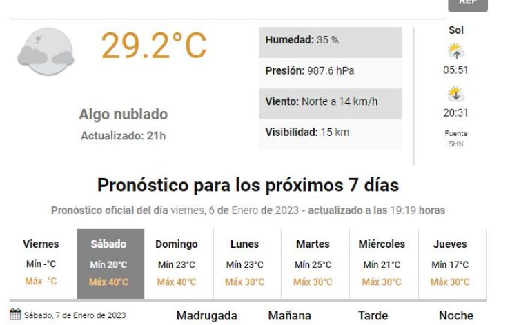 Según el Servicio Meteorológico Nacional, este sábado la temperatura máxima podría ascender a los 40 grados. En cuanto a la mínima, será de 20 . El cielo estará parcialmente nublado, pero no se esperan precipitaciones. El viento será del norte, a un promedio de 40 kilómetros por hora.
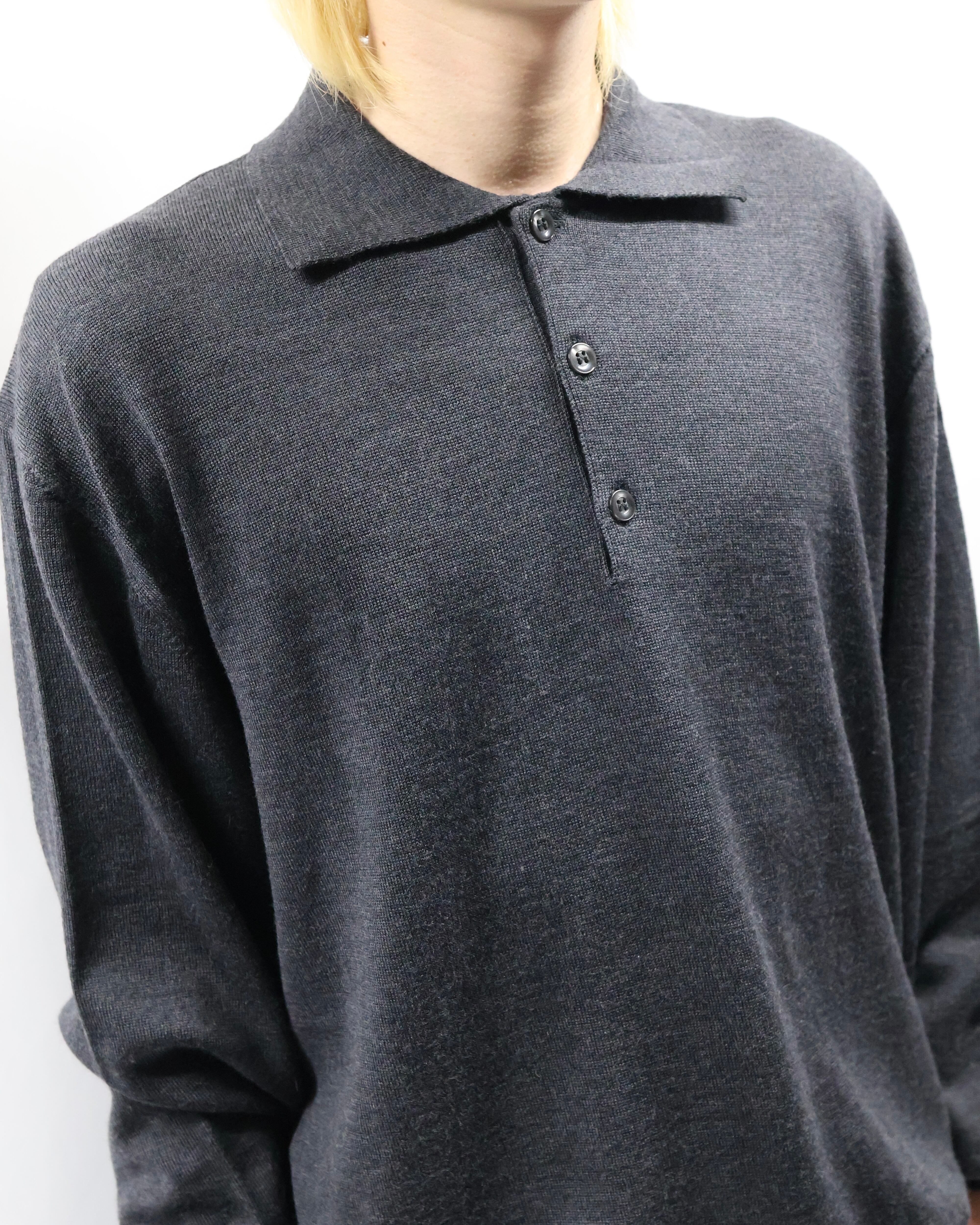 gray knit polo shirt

###

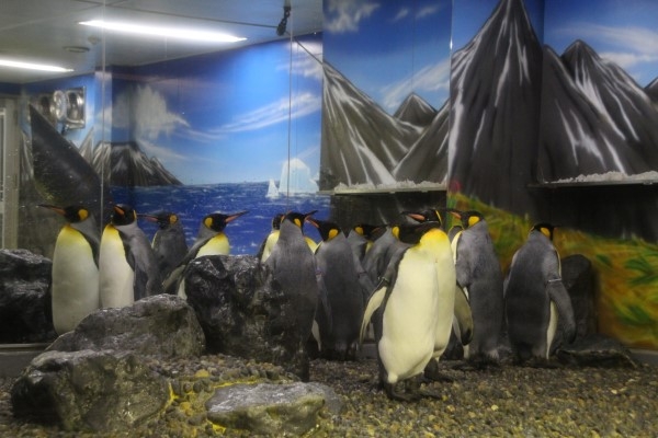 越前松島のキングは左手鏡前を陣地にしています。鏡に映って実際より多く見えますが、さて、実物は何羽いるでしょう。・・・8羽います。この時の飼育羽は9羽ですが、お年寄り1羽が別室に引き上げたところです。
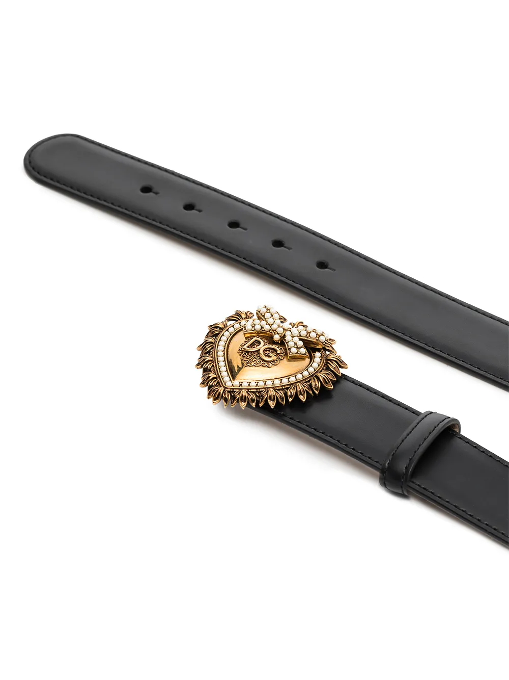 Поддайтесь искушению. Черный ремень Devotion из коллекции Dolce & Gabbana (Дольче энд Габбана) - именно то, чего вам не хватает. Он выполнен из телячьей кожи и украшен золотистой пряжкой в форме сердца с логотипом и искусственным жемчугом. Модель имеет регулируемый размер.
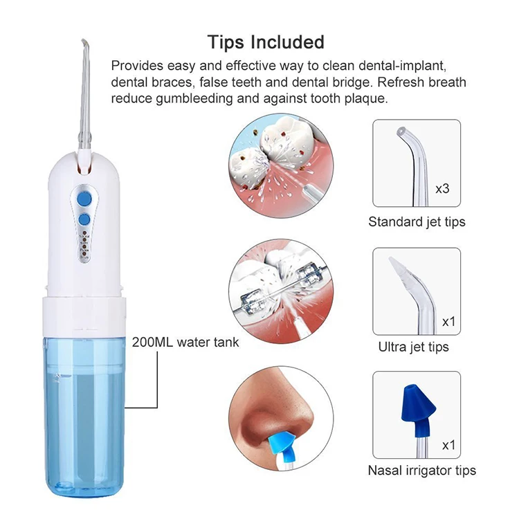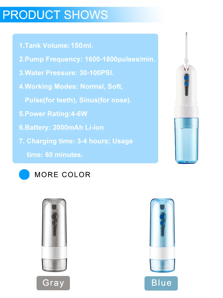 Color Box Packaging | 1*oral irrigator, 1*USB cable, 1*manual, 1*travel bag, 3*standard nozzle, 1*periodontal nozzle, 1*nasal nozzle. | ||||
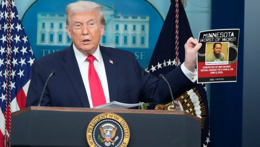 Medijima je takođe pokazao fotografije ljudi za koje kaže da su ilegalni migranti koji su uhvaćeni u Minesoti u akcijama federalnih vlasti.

###

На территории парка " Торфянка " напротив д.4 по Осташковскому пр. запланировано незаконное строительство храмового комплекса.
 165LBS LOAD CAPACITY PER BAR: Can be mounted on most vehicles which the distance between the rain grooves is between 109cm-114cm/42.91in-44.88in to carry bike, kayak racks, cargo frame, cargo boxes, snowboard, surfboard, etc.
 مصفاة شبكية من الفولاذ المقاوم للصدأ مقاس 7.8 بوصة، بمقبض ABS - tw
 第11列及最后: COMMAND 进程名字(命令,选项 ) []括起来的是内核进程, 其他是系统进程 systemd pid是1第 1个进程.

###

* _Your task_
Of the lines above, extract only those from the line with "مصفاة شبكية من" to the line with "第11列及最后: COMMAND 进程名字(命令,选项", both included, exactly as written.

* _Response area_
 مصفاة شبكية من الفولاذ المقاوم للصدأ مقاس 7.8 بوصة، بمقبض ABS - tw
 第11列及最后: COMMAND 进程名字(命令,选项 ) []括起来的是内核进程, 其他是系统进程 systemd pid是1第 1个进程.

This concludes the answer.